Proviene da quasi trent’anni di monarchia assoluta bossiana. I suoi «congressi» si sono celebrati ogni anno a metà giugno sul pratone di Pontida per acclamare il «caro leader» padano. Ma ora che ha deciso di sottoporsi alle trafile democratiche nell’avviare la fase del dopo-Bossi, la Lega Nord non ha abbandonato l’abitudine di utilizzare la base militante per ratificare decisioni assunte dai vertici.

Il Consiglio federale di ieri ha preso la scelta attesa da tempo. Il nuovo assetto del partito è stato proposto dallo stesso Senatùr: Roberto Maroni nuovo segretario federale, probabilmente affiancato da tre vice come espressione dei territori, mentre l’Umberto manterrà la poltrona di presidente. E lo statuto del partito verrà modificato in modo che possa essere presidente a vita.

È un modo per alleggerire le tensioni interne dopo il traumatico addio di Bossi alla segreteria e la levata di scudi contro il suo entourage. Ma è anche la scelta di arrivare uniti e compatti all’appuntamento di Assago, senza quell’incertezza sul ruolo del Senatùr che nelle ultime settimane sembrava voler restare in sella senza passare la mano.

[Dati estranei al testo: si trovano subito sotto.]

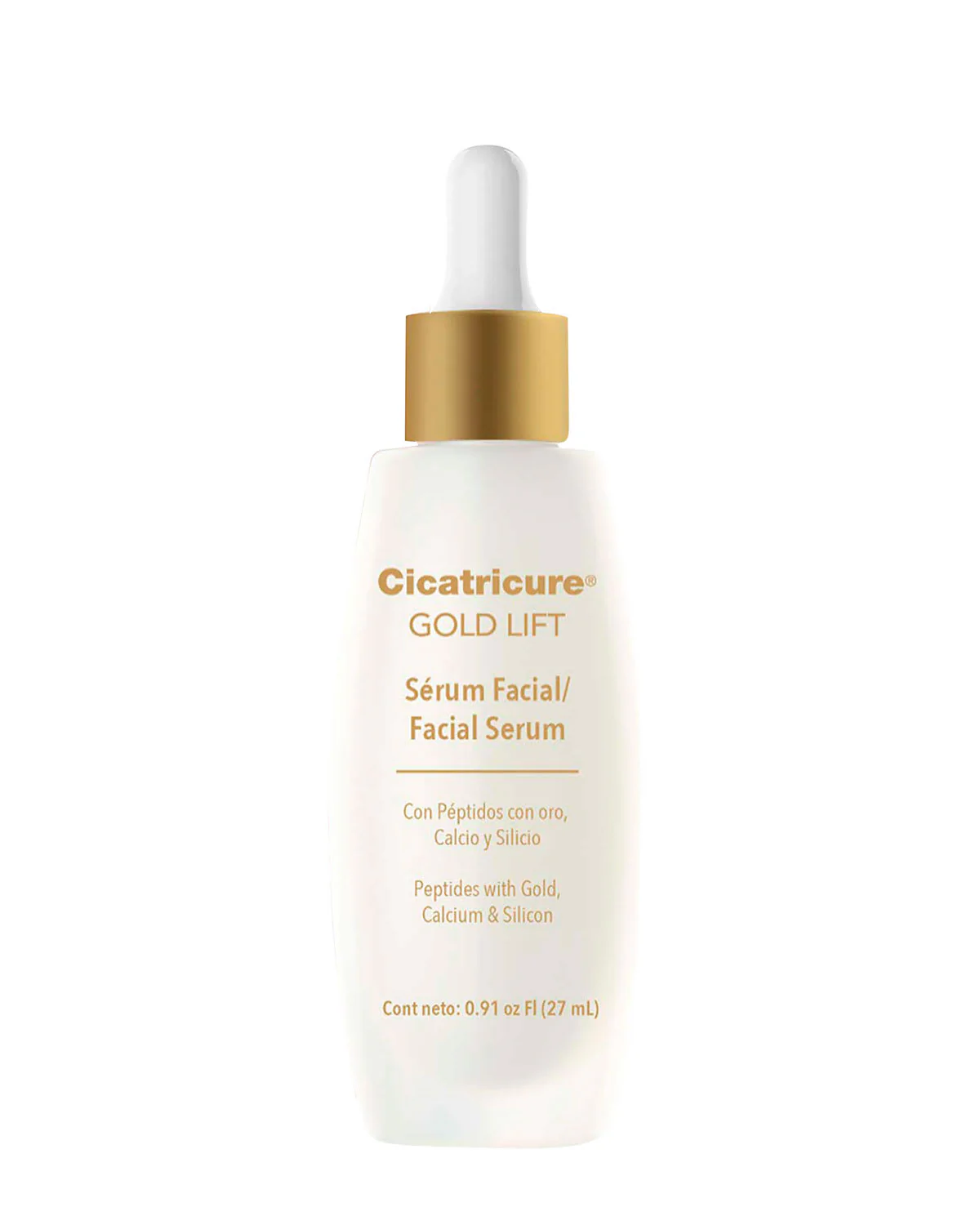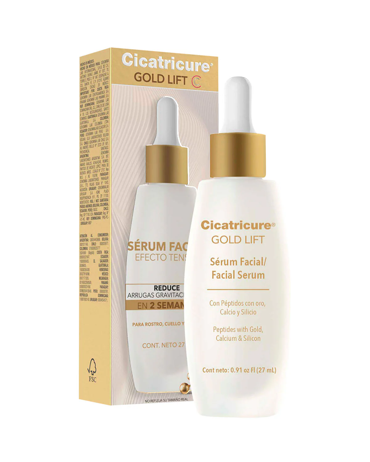 El nuevo serúm facial de Cicatricure Gold actúa sobre arrugas gravitacionales y líneas de expresión, su fórmula concentrada con Péptidos con oro, Calcio y Silicio actúa con efecto lifting y se absorbe rápidamente, permitiendo una reparación más profunda de la piel en menos tiempo. Al instante su efecto tensor mejora la elasticidad y humectación de la piel y conforme pasan los días incrementa la firmeza, dando como resultado un rostro más definido. En sólo 2 semanas esculpe y reafirma la piel y reduce la aparición de arrugas gravitacionales.

Dunque il congresso leghista si farà, ma sarà un appuntamento svuotato di contenuto reale. I giochi sono stati fatti nei congressi regionali, che Maroni ha già vinto. Ai «barbari» sono andati Piemonte, Liguria e l’emergente Emilia. Ai primi di giugno l’ex ministro dell’Interno aggiungerà la Lombardia e il Veneto. Nella culla del Carroccio probabilmente si insedierà il bergamasco Giacomo Stucchi, più «presentabile» dell’altro maroniano Matteo Salvini.
Nel Veneto invece il nome è certo: quel Flavio Tosi trionfalmente rieletto sindaco di Verona che non avrà difficoltà ad arginare l’ala bossiana rappresentata dal segretario attuale Giampaolo Gobbo e dall’ex sindaco-sceriffo di Cittadella, Massimo Bitonci, vincitore del congresso di Padova.

Maroni avrà anche l’accortezza di bilanciare le segreterie con due presidenti «di garanzia», cioè Giancarlo Giorgetti in Lombardia (a scapito di Roberto Castelli, che paga l’eccessivo entusiasmo dimostrato davanti all’ipotesi che Bossi rimanesse) e Luca Zaia in Veneto.

Figure importanti del Carroccio che hanno sempre cercato di tenere un profilo di mediazione tra i big del partito. È nei congressi regionali (o nazionali, secondo la geo-linguistica leghista) che si è giocata la vera partita per la successione a Bossi.

Ora restano due incognite, anch’esse destinate a essere sciolte prima del congresso federale. La prima riguarda l’imprevedibilità dell’Umberto: non è detto che nel prossimo mese non possa ripensare all’assetto delineato ieri. La sua volubilità è proverbiale e potrebbe essere ulteriormente sollecitata dai fedelissimi.

L’altro motivo di incertezza è se passerà integralmente la linea di Maroni, tutta incentrata verso l’obiettivo di diventare il primo partito del Nord marcando una differenza profonda con «Roma ladrona» fino al punto di non concorrere alle elezioni politiche del 2013. 

L’abbandono del Parlamento romano appare un’opzione clamorosa, un segnale di sfiducia verso la politica centrale accompagnato dall’abbandono delle velleità di riforma federalista, per concentrarsi invece sull’amministrazione del territorio e la rifondazione del partito. Una sfida che potrebbe restituire un’anima a un partito in profonda crisi.